→ What you have to do
The result should be the listing below, restated exactly, with its pictures left out.

→ Collected material
+++++

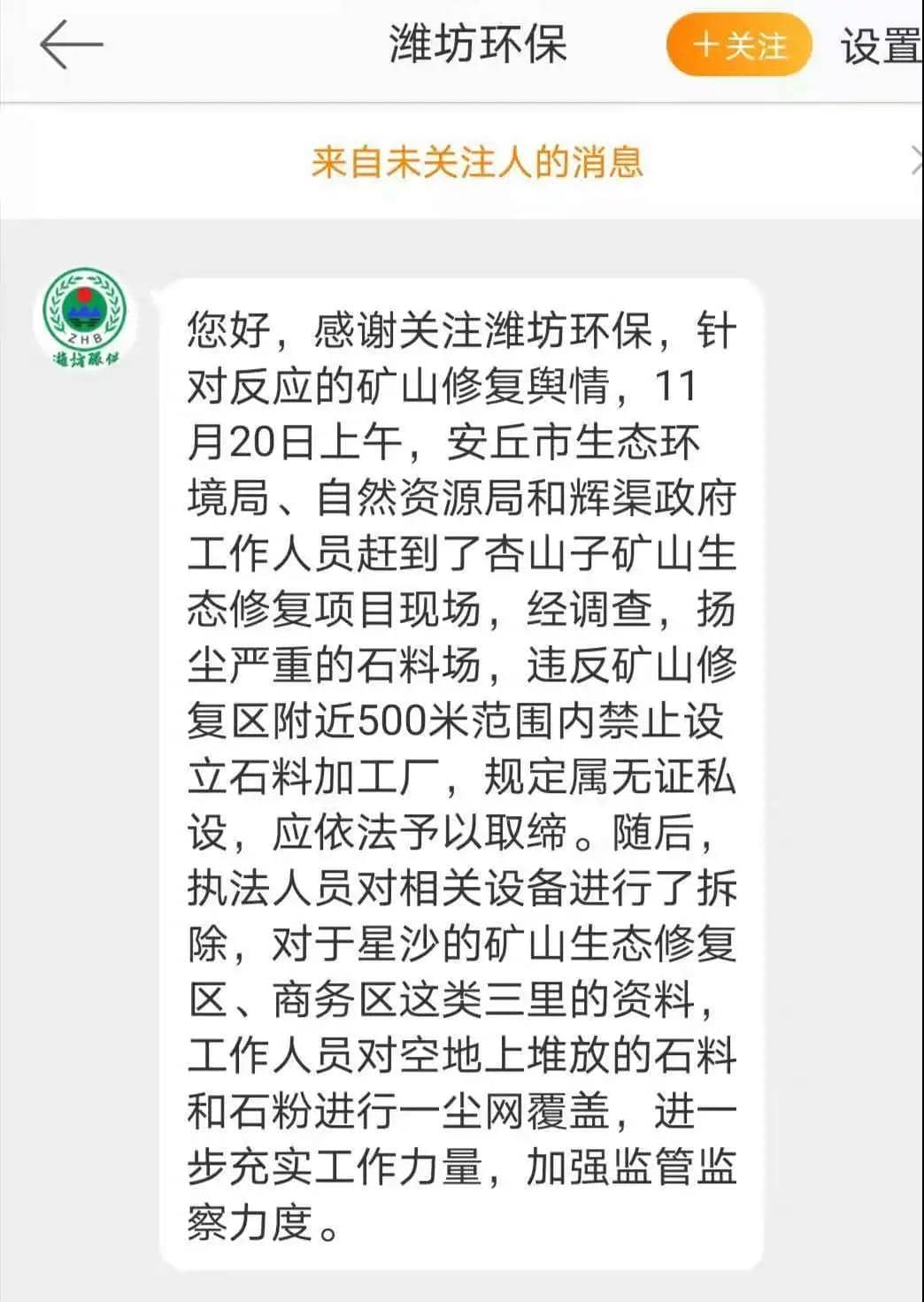 此事經(jīng)媒體報道后,山東濰坊生態(tài)環(huán)境局21日回復(fù):11月20日上午,安丘市生態(tài)環(huán)境局、自然資源局和輝渠政府工作人員趕到了杏山子礦山生態(tài)修復(fù)項目現(xiàn)場,經(jīng)調(diào)查,揚塵嚴(yán)重的石料場,違反礦山修復(fù)區(qū)附近500米范圍內(nèi)禁止設(shè)立石料加工廠,規(guī)定屬無證私設(shè),應(yīng)依法予以取締。隨后,執(zhí)法人員對相關(guān)設(shè)備進(jìn)行了拆除,對于星沙的礦山生態(tài)修復(fù)區(qū)、商務(wù)區(qū)這類三里的資料,工作人員對空地上堆放的石料和石粉進(jìn)行一塵網(wǎng)覆蓋,進(jìn)一步充實工作力量,加強(qiáng)監(jiān)管監(jiān)察力度。
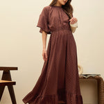Women Brown Polka Dot Flared Hem Maxi Dress
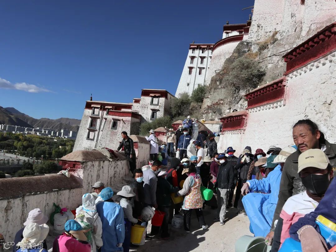 上午8点左右, 很多信教群众和工作人员身穿大褂、携带水桶和其他粉刷工具在布达拉宫西侧入口处排起长队,纷纷加入到粉刷布达拉宫外墙的工作中。对他们来说,参与到布达拉宫的粉刷是一种荣誉。
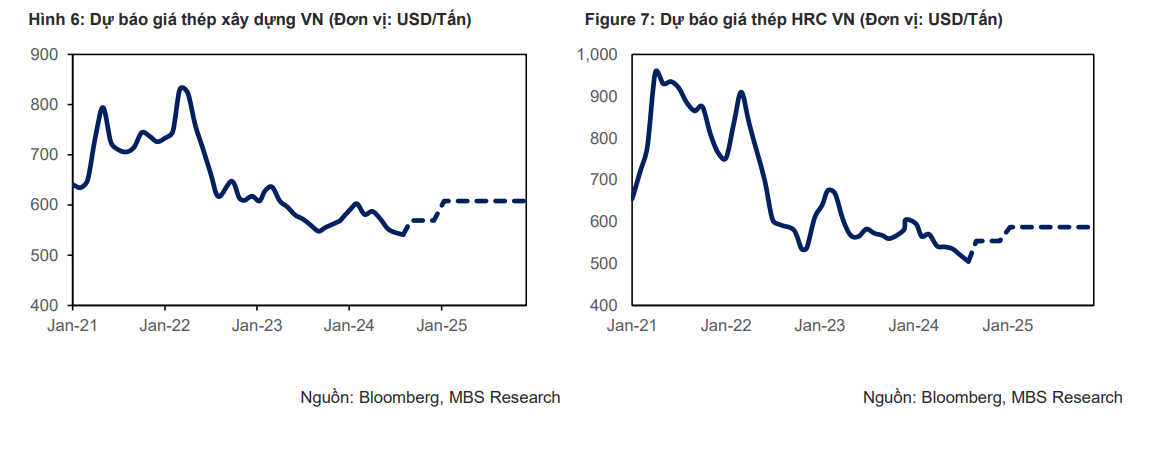 MBS dự báo giá thép xây dựng và HRC Việt Nam sẽ có mức hồi phục tích cực kể từ quý 4/2024 khi áp lực từ Trung Quốc được giảm bớt. Do đó, theo ước tính giá thép xây dựng có thể đạt trung bình 571 USD/tấn, tăng 4% so với năm 2023.

+++++

→ Written answer
 此事經(jīng)媒體報道后,山東濰坊生態(tài)環(huán)境局21日回復(fù):11月20日上午,安丘市生態(tài)環(huán)境局、自然資源局和輝渠政府工作人員趕到了杏山子礦山生態(tài)修復(fù)項目現(xiàn)場,經(jīng)調(diào)查,揚塵嚴(yán)重的石料場,違反礦山修復(fù)區(qū)附近500米范圍內(nèi)禁止設(shè)立石料加工廠,規(guī)定屬無證私設(shè),應(yīng)依法予以取締。隨后,執(zhí)法人員對相關(guān)設(shè)備進(jìn)行了拆除,對于星沙的礦山生態(tài)修復(fù)區(qū)、商務(wù)區(qū)這類三里的資料,工作人員對空地上堆放的石料和石粉進(jìn)行一塵網(wǎng)覆蓋,進(jìn)一步充實工作力量,加強(qiáng)監(jiān)管監(jiān)察力度。
Women Brown Polka Dot Flared Hem Maxi Dress
 上午8点左右, 很多信教群众和工作人员身穿大褂、携带水桶和其他粉刷工具在布达拉宫西侧入口处排起长队,纷纷加入到粉刷布达拉宫外墙的工作中。对他们来说,参与到布达拉宫的粉刷是一种荣誉。
 MBS dự báo giá thép xây dựng và HRC Việt Nam sẽ có mức hồi phục tích cực kể từ quý 4/2024 khi áp lực từ Trung Quốc được giảm bớt. Do đó, theo ước tính giá thép xây dựng có thể đạt trung bình 571 USD/tấn, tăng 4% so với năm 2023.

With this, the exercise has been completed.